The captain snapped a rubber band between his thumb and forefinger. Jim wondered if it was a coping technique for OCD.
'Entonces, seres su interprete,' Suarez pointed at the figure sitting in one of the other chairs in the room.
The man had a patchy beard and an eye-patch. None of his clothes seemed to fit him. The shirt was too tight and the trousers were gathered and bunched at the waist. He stood and Jim could see that one leg was prosthetic.
'What's he done?' Jim asked in Spanish.
'Nada serio. Pensamos que es un poco loco, se habra escapado de no se donde.'
'Mad? Where would he escape from here?'
'No se, tu eres el interprete, preguntalo!
'Well… ah… How can I help, Sir?'
'Don't ye know me, Jim?'
Capitan Suarez fired his rubber band at a rotund and sluggish fly, striking it amidships and killing it instantly.
The old man grasped at Jim's arm,
'Jim Lad, you've come at last. Tell this Hispanee, your old mate John is harmless as a fly in winter.'
Jim thought the simile a little unfortunate, and let out a laugh. The man might not have been crazy, but maybe Jim was.
'What's your name?'
The Capitan was reloading his thumb with another elastic band, brow furrowed with his gaze fixed at the fly circling the overhead light.
The old man's eyes widened until Jim could see white all around the iris,
'Jim, Jim, Jim, the name of your oldest friend. How could you forget, John Silver?'
The man was serious, not to say almost tearful.
Jim relayed the man's name to the Capitan.
'¿Y?' the word was punctuated by the snap of the rubber band and the death of another fly.
'What have you done?' Jim asked the man calling himself Silver.
'Done, Jim? Why, nothing! Nothing at all.'
'There must have been something, Old Man. Why were you picked up?'
'Going about my business! D'ye think they'll give me back the shovel?'
His eyes narrowed, 'They didn't get the map, Jim. Have no fear of that!'
Jim asked the policeman where the old man had been picked up.

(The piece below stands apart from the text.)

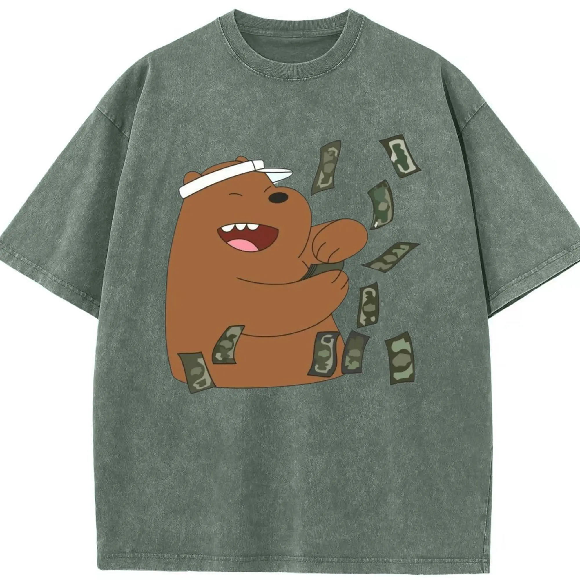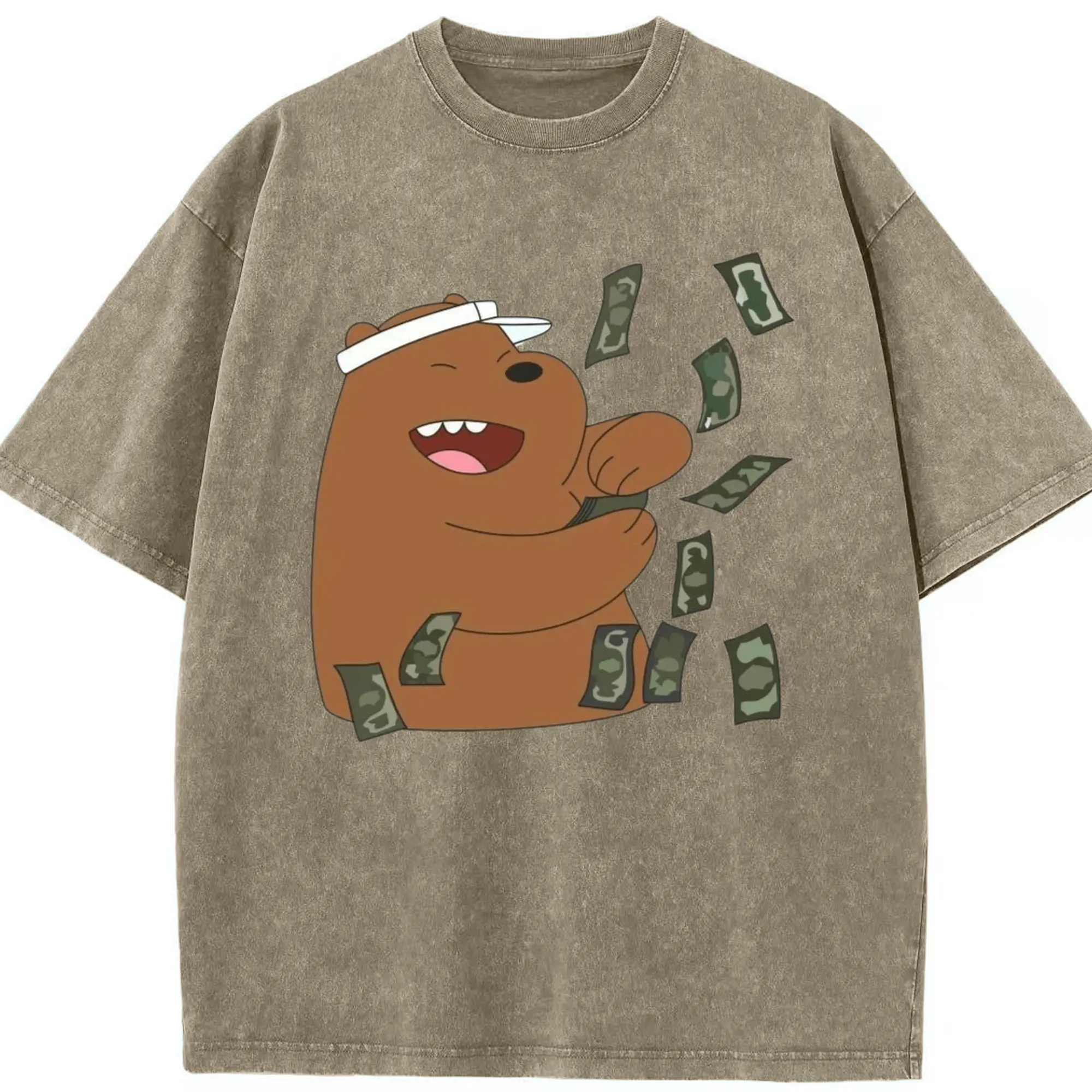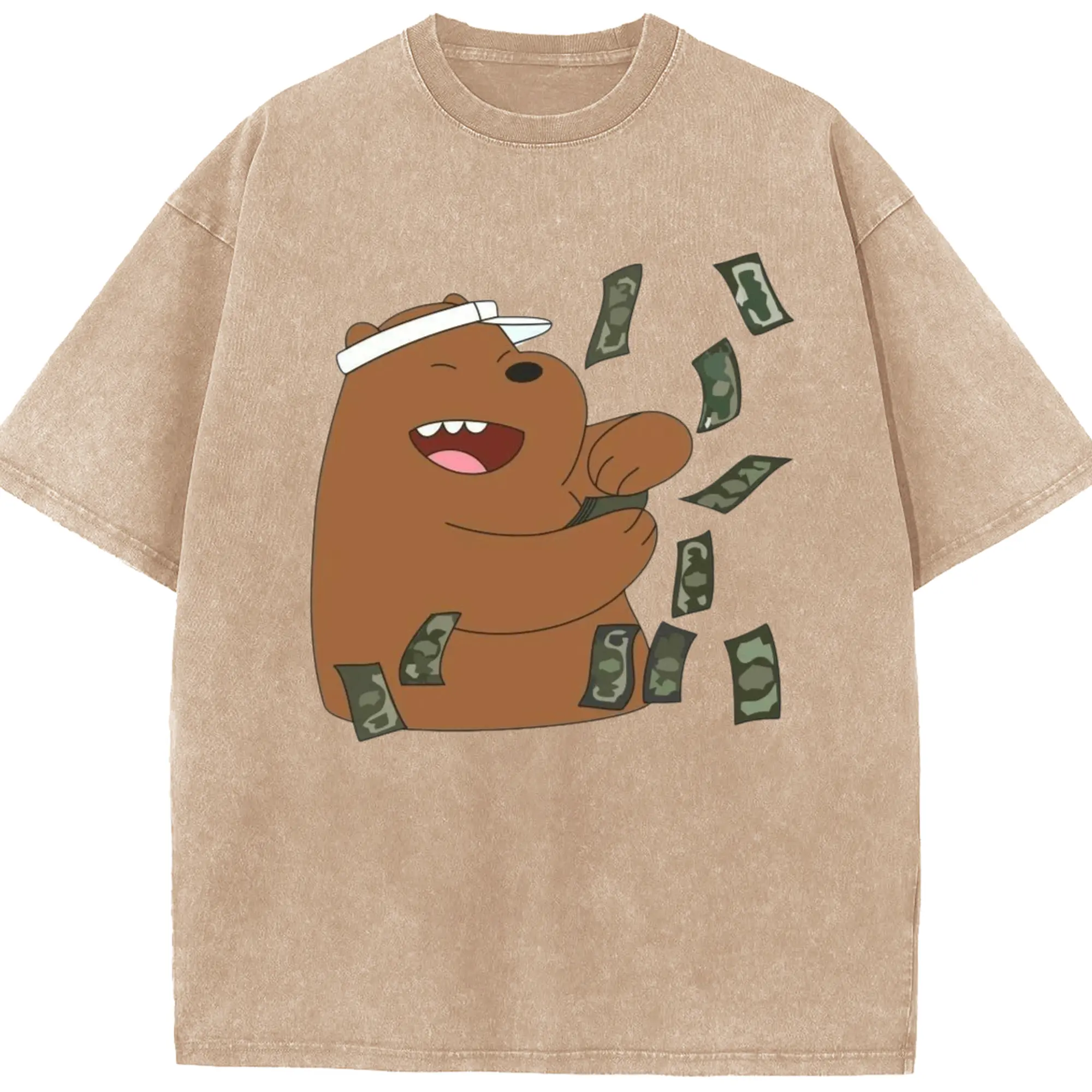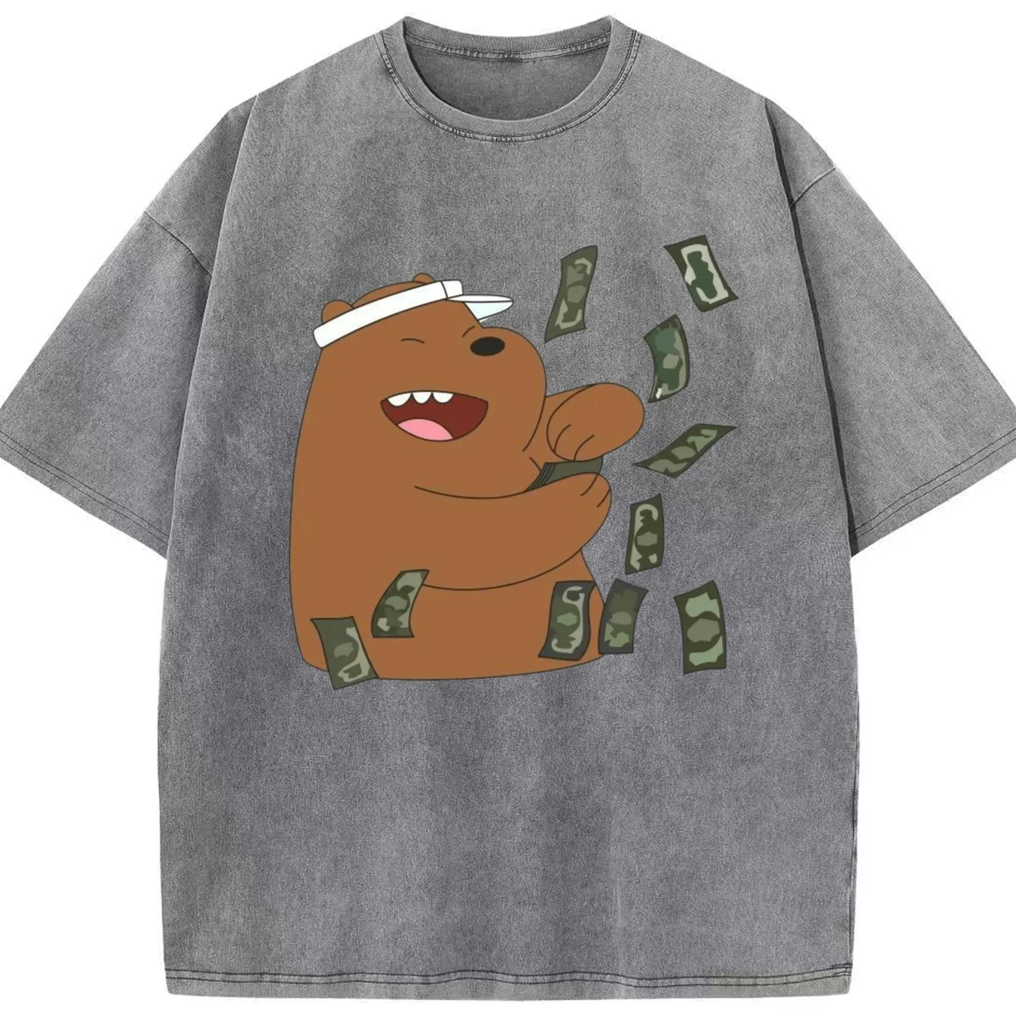 We Bare Bears Grizzly graphic tee - Washed Vintage Look 230g Cotton Oversized T-Shirt With Front Heat Transfer Print – Soft, Lightweight, Stylish Fit – Comfortable Casual Wear For Sports & Everyday Use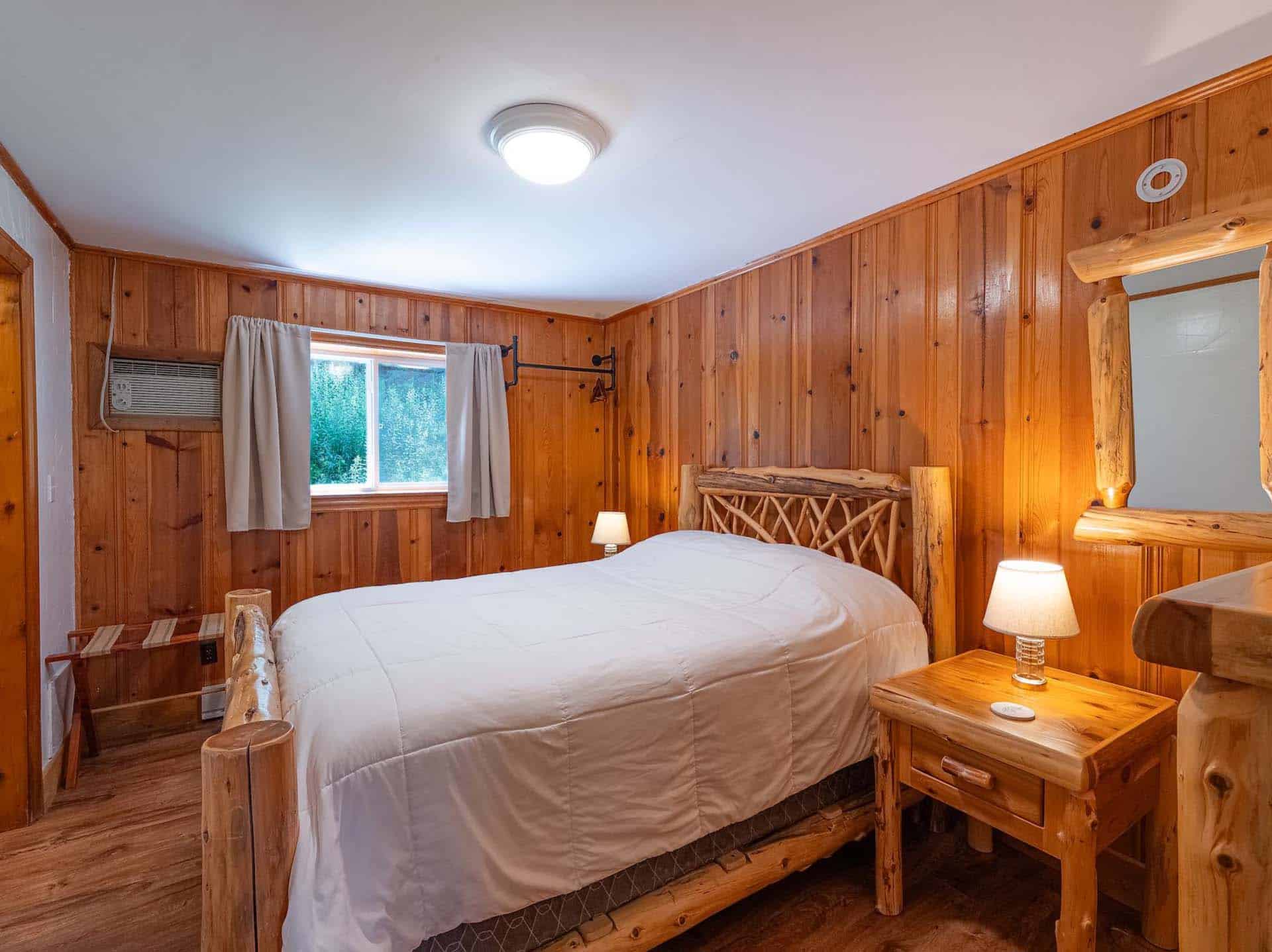 The Tamarack bedroom features 1 queen hand peeled cedar twig bed. The room is artfully decorated with photographs highlighting the Tamarack.

'My sister-in-law's olive groves, between here and Remonte. She is madder than a wasp. He vandalised 6 trees, dug holes all over the place. We cleaned him up a little. You should have seen what he was wearing before.'
'How much damage did he do, really? He's an old man?'
The old man was looking from the policeman to Jim like a dog with two masters.
'No tanto… I will tell Inmaculada that he will pay for the trees…'
The Policeman shrugged, bored by the whole business, no doubt.
'Has he any money?' Jim jerked his head at the lunatic, not daring to look at him.
'Not on him. He had nothing but the shovel, in fact.'
Jim turned to the old cripple.
'Where do you live, Sir? Can I take you somewhere? To someone?
'Back to the ship? Not yet, Jim. We've treasure to find!'
Jim sighed and told the Capitan that he was correct, the man was a certifiable loon.
'We can let him go if the trees are paid for…'
'If the trees – no, I'm not… no!'
'It is the carcel and later the penitenciaria,' the Capitan shrugged, eyes already on another dipteran victim.
The old man grabbed Jim's arm again,
'Will ye pay the Revenue man? Ye'll have the treasure, Jim. Equal shares, according to Ship's Articles!'
The old man's eyes were as bright as a child's at his own birthday party.
He shrugged off the old man's hand,
'5 – no – 400 Euros,' another fly's mortal span ended in the twang of rubber.
Jim wondered if the discount was at the expense of the insect's life.
He paid. There was just enough money left to get a taxi for Jim Hawkins Stevenson and Long John Silver back to the Venta Dolores. Maybe there was enough for a bottle of rum too.